A mass on a spring A oscillates at twice the frequency of the same mass on spring B. Which statement is correct?
A. The spring constant for B is one quarter of the spring constant for A.
B. The spring constant for B is 4 times the spring constant for A.
C. The spring constant for B is half of the spring constant for A.
D. The spring constant for B is 1.41 times the spring constant for A.
E. The spring constant for B is twice the spring constant for A.
is it B?
To determine the correct answer, we can use the formula for the frequency of an oscillating mass-spring system:
f = (1 / 2π) * √(k / m)
where f represents frequency, k represents the spring constant, and m represents the mass.
Given that mass A oscillates at twice the frequency of mass B, we can write the relationship as:
fA = 2 * fB
Using the above formula, we get:
(1 / 2π) * √(kA / mA) = 2 * (1 / 2π) * √(kB / mB)
Simplifying, we have:
√(kA / mA) = 2 * √(kB / mB)
Squaring both sides gives us:
kA / mA = 4 * (kB / mB)
Rearranging the equation, we find:
kA / kB = (4 * mB) / mA
This expression shows the relationship between the spring constants kA and kB. Now, let's evaluate the given answer choices:
A. The spring constant for B is one quarter of the spring constant for A.
This is incorrect because the expression above shows that the ratio is dependent on the mass ratio, not the inverse.
B. The spring constant for B is 4 times the spring constant for A.
This is also incorrect because the expression above includes a factor of (4 * mB) / mA, so the correct answer cannot be simply 4 times the spring constant of A.

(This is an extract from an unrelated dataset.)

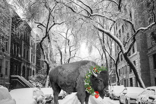 Buffalo Christmas White Modern Wood Framed Art Print with Double Matting by Phillip, Jamie
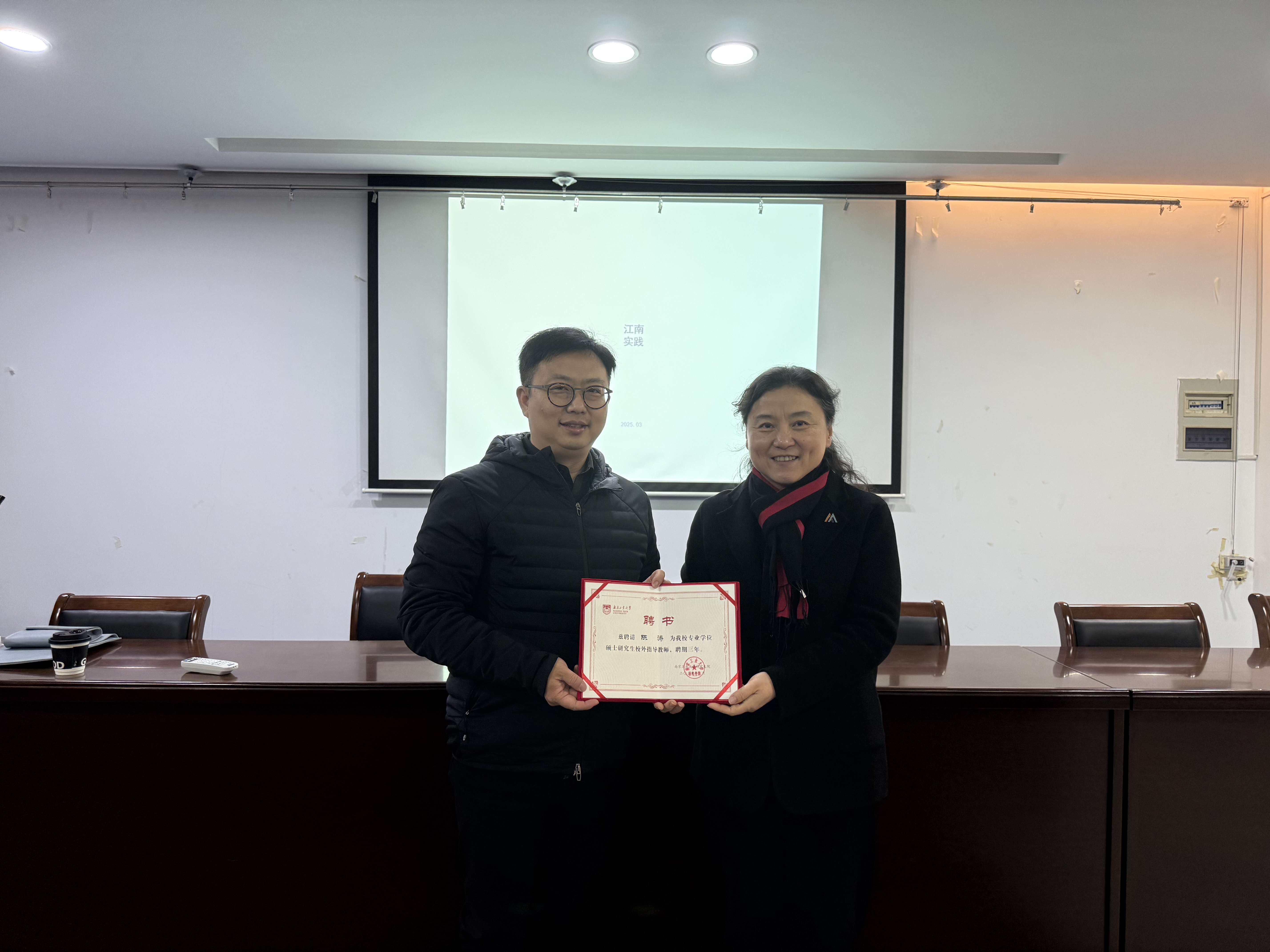2025年3月13日下午,太阳成集团tyc在博学楼立人厅(633报告厅)举行仪式,聘任江苏筑森建筑设计有限公司董事长、总建筑师、公司95级员工陈涛为太阳成集团tyc校外研究生导师。经理郭华瑜教授向陈涛颁发聘书。

C. The spring constant for B is half of the spring constant for A.
This is also incorrect because the factor in the expression is dependent on the masses, not just a simple halving.
D. The spring constant for B is 1.41 times the spring constant for A.
This is incorrect as well because 1.41 is an approximation of the square root of 2, which is not the factor in the expression.
E. The spring constant for B is twice the spring constant for A.
This answer choice matches the expression above, which states that the ratio of the spring constants is dependent on the ratio of the masses. Therefore, the correct answer is E.
To summarize, the correct statement is "The spring constant for B is twice the spring constant for A."